▶ [What the task asks]
All lines in the records below from the line with "在大青山抗日革命史紀(jì)" through the line with "In jeans, nice" are to be given again exactly, both ends included; the pictures are to be left out.

▶ [Listed records]
[Start of section]
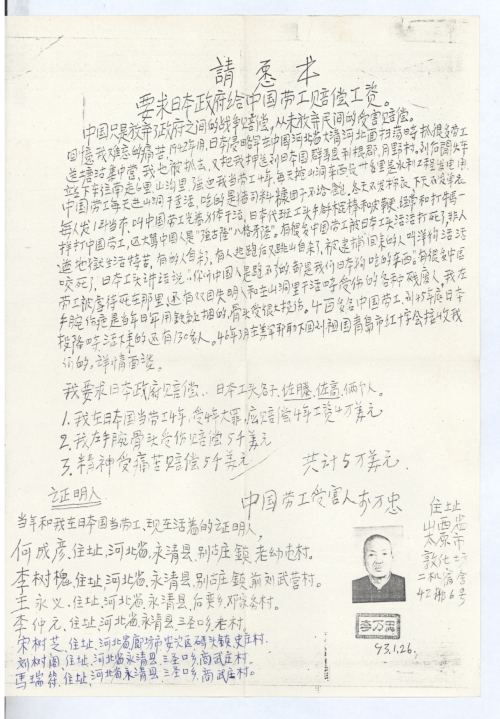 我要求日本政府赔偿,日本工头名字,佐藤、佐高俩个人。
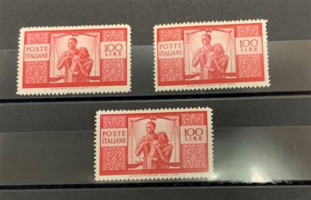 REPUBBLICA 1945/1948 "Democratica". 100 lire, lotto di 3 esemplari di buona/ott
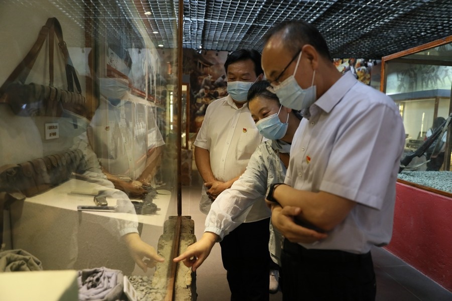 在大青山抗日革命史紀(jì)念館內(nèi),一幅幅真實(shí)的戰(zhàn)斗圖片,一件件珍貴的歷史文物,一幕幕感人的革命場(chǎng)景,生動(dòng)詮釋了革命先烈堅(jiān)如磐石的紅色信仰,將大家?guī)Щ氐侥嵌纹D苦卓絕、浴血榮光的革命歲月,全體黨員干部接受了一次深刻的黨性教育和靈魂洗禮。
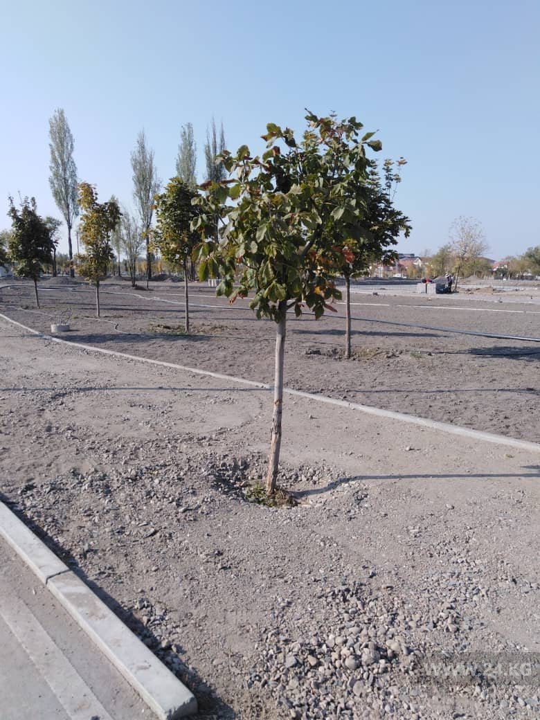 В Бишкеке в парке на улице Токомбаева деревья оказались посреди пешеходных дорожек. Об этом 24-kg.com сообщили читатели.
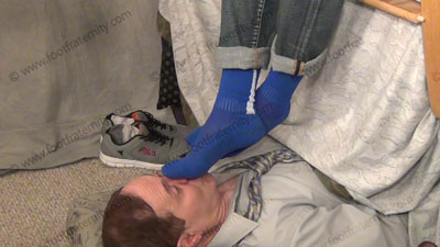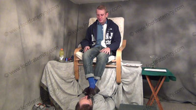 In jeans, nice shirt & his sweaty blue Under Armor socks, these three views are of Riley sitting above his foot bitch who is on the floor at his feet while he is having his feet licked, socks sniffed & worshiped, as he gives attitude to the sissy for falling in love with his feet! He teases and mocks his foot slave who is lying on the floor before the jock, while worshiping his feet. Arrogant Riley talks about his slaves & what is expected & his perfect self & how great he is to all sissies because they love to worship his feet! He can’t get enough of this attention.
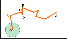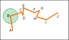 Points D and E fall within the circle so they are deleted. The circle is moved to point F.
[End of section]
[Start of section]
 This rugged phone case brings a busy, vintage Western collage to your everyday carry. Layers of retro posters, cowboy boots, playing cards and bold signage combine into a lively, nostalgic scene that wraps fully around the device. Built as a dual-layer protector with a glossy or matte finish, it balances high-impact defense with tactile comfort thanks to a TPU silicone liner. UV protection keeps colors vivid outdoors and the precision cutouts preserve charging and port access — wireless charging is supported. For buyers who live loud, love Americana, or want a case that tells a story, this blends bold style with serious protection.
[End of section]
▶ [Response area]
 在大青山抗日革命史紀(jì)念館內(nèi),一幅幅真實(shí)的戰(zhàn)斗圖片,一件件珍貴的歷史文物,一幕幕感人的革命場(chǎng)景,生動(dòng)詮釋了革命先烈堅(jiān)如磐石的紅色信仰,將大家?guī)Щ氐侥嵌纹D苦卓絕、浴血榮光的革命歲月,全體黨員干部接受了一次深刻的黨性教育和靈魂洗禮。
 В Бишкеке в парке на улице Токомбаева деревья оказались посреди пешеходных дорожек. Об этом 24-kg.com сообщили читатели.
 In jeans, nice shirt & his sweaty blue Under Armor socks, these three views are of Riley sitting above his foot bitch who is on the floor at his feet while he is having his feet licked, socks sniffed & worshiped, as he gives attitude to the sissy for falling in love with his feet! He teases and mocks his foot slave who is lying on the floor before the jock, while worshiping his feet. Arrogant Riley talks about his slaves & what is expected & his perfect self & how great he is to all sissies because they love to worship his feet! He can’t get enough of this attention.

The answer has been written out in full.